- Born: 21 May 1972 (age 53) Beijing, People's Republic of China
- Criminal charge: inciting social disorder
- Criminal penalty: 2+1⁄2 years in prison
- Spouse: Li Xuemei
- Children: Zhao Pengrui; Zhao Sian;

= Zhao Lianhai =

Chinese dissident

Zhao Lianhai (赵连海) is a Chinese dissident and former food safety worker who became an activist for parents of children harmed during the 2008 Chinese milk scandal. In 2010 he was sentenced to 2 1/2 years imprisonment for 'disturbing social order'.

Zhao was born circa 1972. He used to work for the Food Quality and Safety Authority of China. His son, Pengrui, was born in late 2005 and became ill as a result of drinking tainted milk.

== Activism and website ==

Zhao became a leader in the movement of parents to get restitution and treatment for their children. He called for a national memorial day for the victims. He held a memorial ceremony in his home for parents of harmed children.

He started the "Home for Kidney Stone Babies" (结石宝宝之家, jieshibaobao.com) website from his apartment in Daxing, near Beijing. The website was blocked in China. The site was also shut down by the government so he moved hosting to Japan.

Parents of children harmed by melamine-tainted milk went to the website and could exchange information about how to sue.
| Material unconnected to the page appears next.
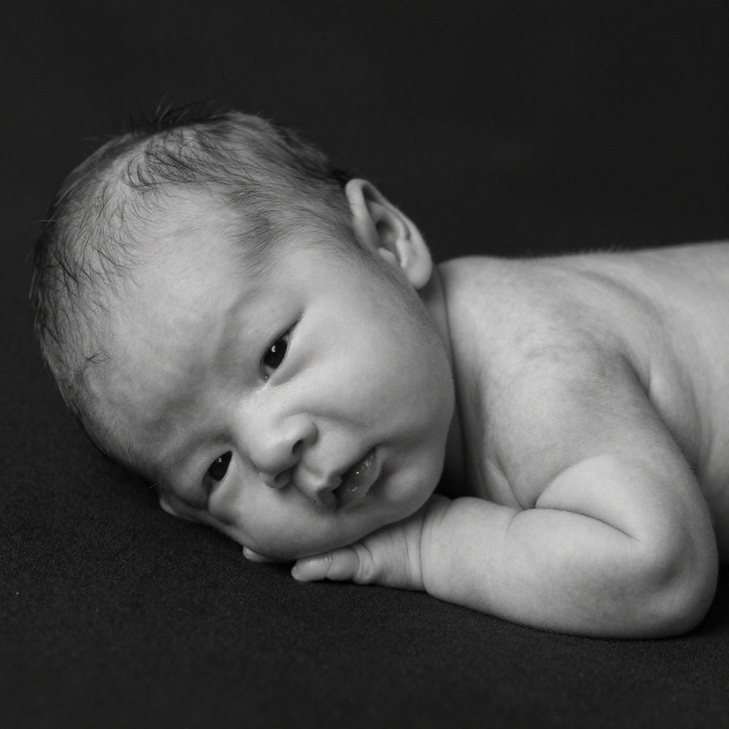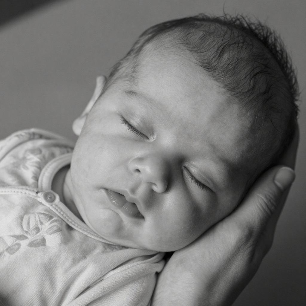 Black-and-white photograph of a sleeping newborn baby, nude, cradled in a man's hand. The baby is curled up, resting on the man's palm, with eyes closed and tiny fingers splayed. The man's hand is slightly hairy, and his arm is visible but out of focus. The background is completely black and blurred, drawing attention to the baby. The lighting is soft, highlighting the baby's delicate features and the texture of the man's skin. The camera angle is side-on, with a shallow depth of field.

Zhao also pushed for increased research into the number of kidney stone babies.

The site published a leaked document from the Henan Department of Health, which had allegedly ordered workers to underreport kidney stone cases.

The website also posted claims that autopsies of children were being denied.

In 2009, Zhao posted a petition arguing against accepting the government's compensation plan as inadequate (especially considering the long-term unknowns), and not created in consultation with parents. The petition was signed by several hundred parents.

The police and/or public security bureau harassed him, his wife, his mother, his siblings, and volunteer students. The government also broke up meetings and a press conference.

== Arrest, trial, imprisonment ==

Zhao was taken by police in mid-November 2009. Arrest papers were given to his wife Li Xuemei on 21 December 2009, on charges, she said, of "picking quarrels and provoking trouble". His case was handed to prosecutors in early 2010. He was tried at Daxing district court in Beijing where he was legally represented by Li Fangping and Peng Jian.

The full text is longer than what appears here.